Because it is a problem that must occur, the local test verification was conducted and it was found that it can be reproduced, and it must occur with a specific headset. It seems to be a digital headset problem, but this digital headset will not appear in other mobile phones.

But the problem is not big, as long as I can reproduce it, there are many ways to debug.

This digital headset problem is very similar to a problem encountered before.

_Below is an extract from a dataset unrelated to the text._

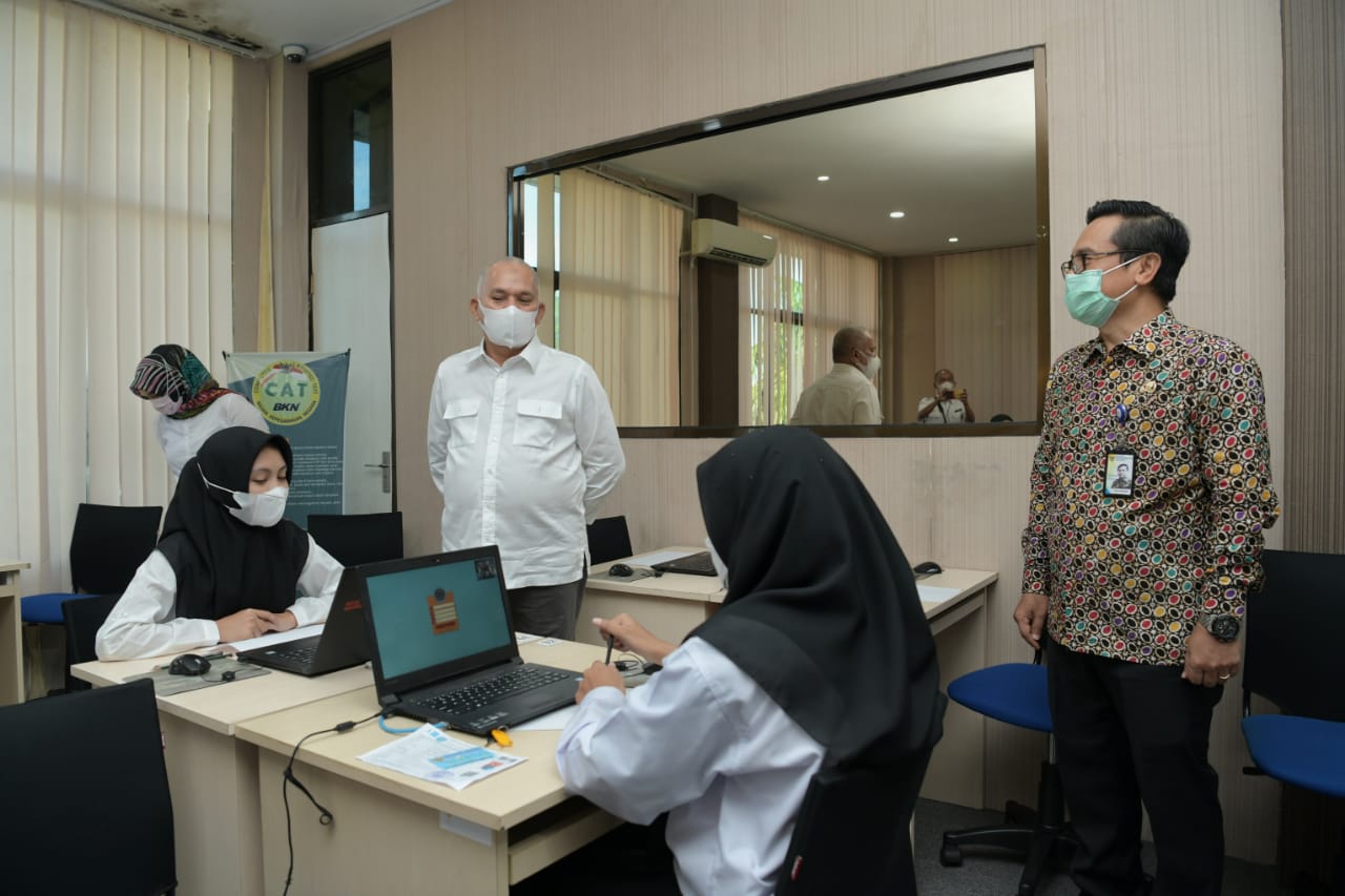 Analisaaceh.com, Banda Aceh | Sekretaris Daerah (Sekda) Aceh, Taqwallah, memantau langsung pelaksanaan Seleksi Kompetensi Dasar (SKD) calon praja Institut Pemerintahan Dalam Negeri (IPDN) Tahun 2021 di Aceh, yang dilaksanakan di Kantor Regional BKN XIII Aceh, Rabu, (16/6/2021).
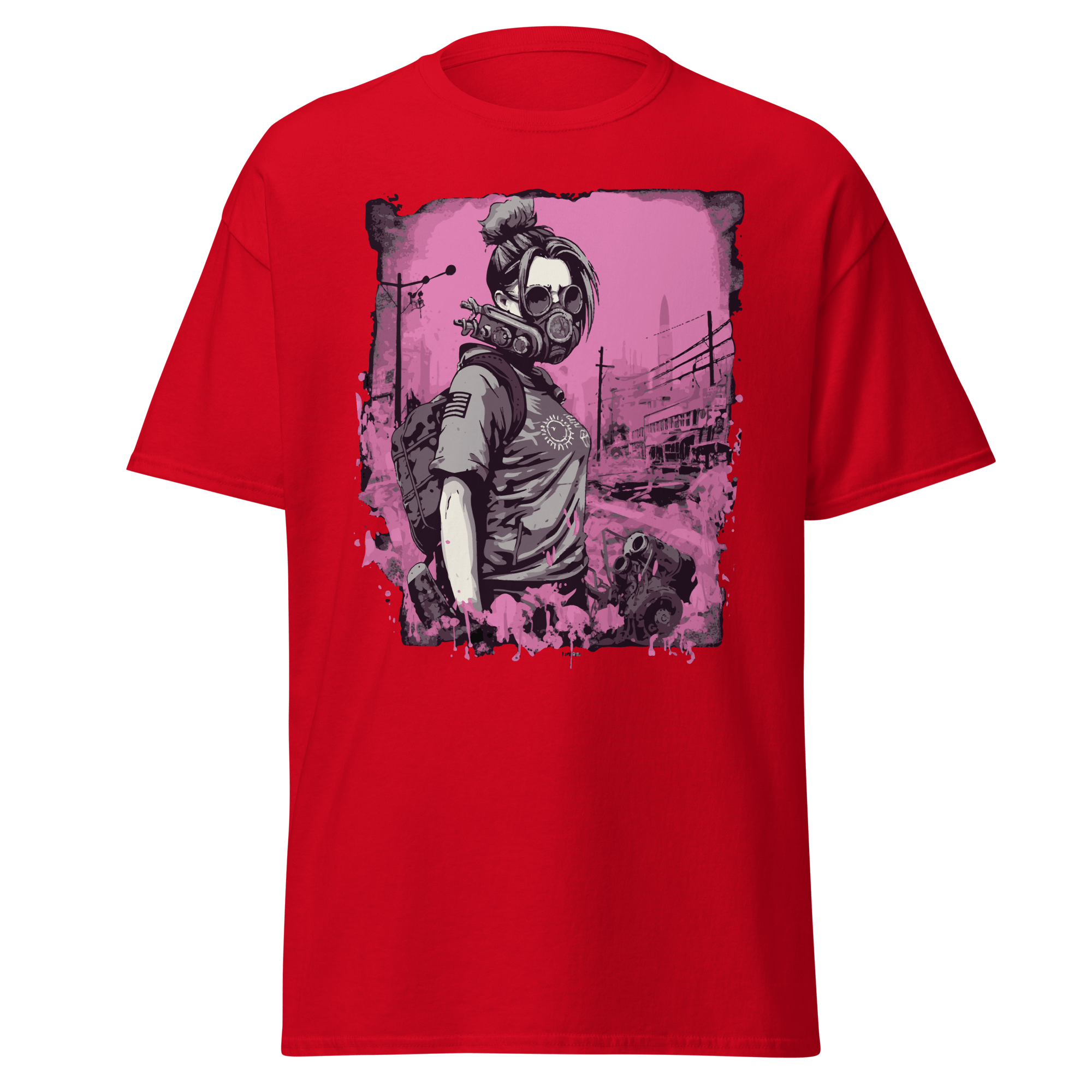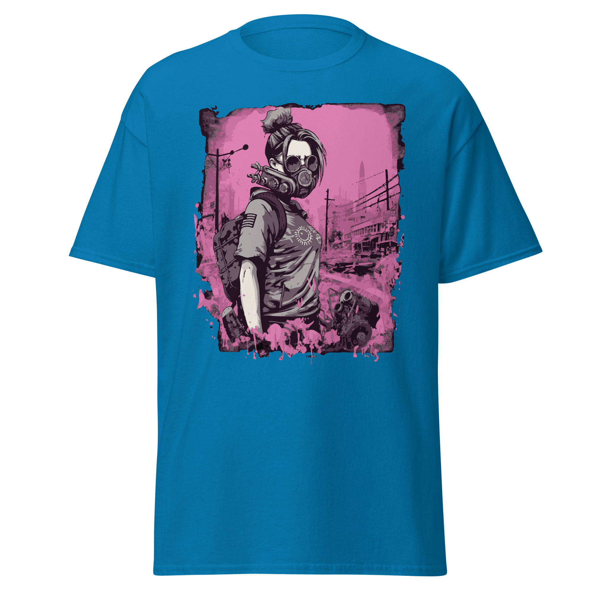 Face the end in style. The Apocalypse Streetwear T-Shirt turns heads with its bold survivor graphic set against a vivid pink backdrop. The bright sapphire blue fabric makes the design explode with energy—perfect for standing out wherever you go.

This situation is basically caused by the timeout of writing data to the USB digital headset. Check the log:

AudioALSAPlaybackHandlerUsb: latency_in_s,0.000142,0.000000,0.010944,0.000001,0.000000, totalTime 0.011088 > logTimeout 0.007000 TIMEOUT!! queue 512

You can see how much you hate this kind of timeout printing.

Generally, this situation can be solved by increasing the buffer size. In prepareUsb, change the
period size 256, period_count 2
to
period size 768, period_count 4.
After the modification, the self-test can solve the ringback tone of the QQ/WeChat digital headset voice call. Serious pop sound problem, but I am not willing to modify the size of the buffer, because such modification will have an impact: the delay of digital headphones will increase !
In mobile phones, headphone delay is a very important experience, and I am not willing to modify this casually.

But recently, the earphone problem is really too big, and the project pressure is high, so we can only send the version to the test for testing. As a result, the QQ/WeChat problem can be solved, but other scenarios: Douyin digital earphone call ringback You can initiate a call later), today’s Toutiao video playback, and the voice downlink of the King’s Glory team, there are still noise problems.

First of all, these problems will not be introduced by my modification of the buffer size. The modification has side effects (delay effects), but it will never cause these problems, indicating that noise problems are common, and modifications such as increasing the period size cannot completely solve the problem.

Well, let's analyze it together.

After looking at these logs, I found that these scenes are all fast channels. I don’t understand why a broken Douyin still needs to use fast, but for low-latency channels like fast, the period size really needs to be set. It is much smaller than the scene of deepbuffer, and it is easy to have xrun.

So in essence, this question is still an xrun problem caused by writing data overtime. I would like to see which thread caused our audio to write data not in time.
Because the problem is easy to reproduce, I captured the systrace directly for the scene:
systrace
You can see that the write thread and the mix thread are running normally, no blocking is found, and the CPU load is not abnormal.

This is very strange. I can't see the cause of the problem from systrace, but I have a high probability that this problem is a performance problem.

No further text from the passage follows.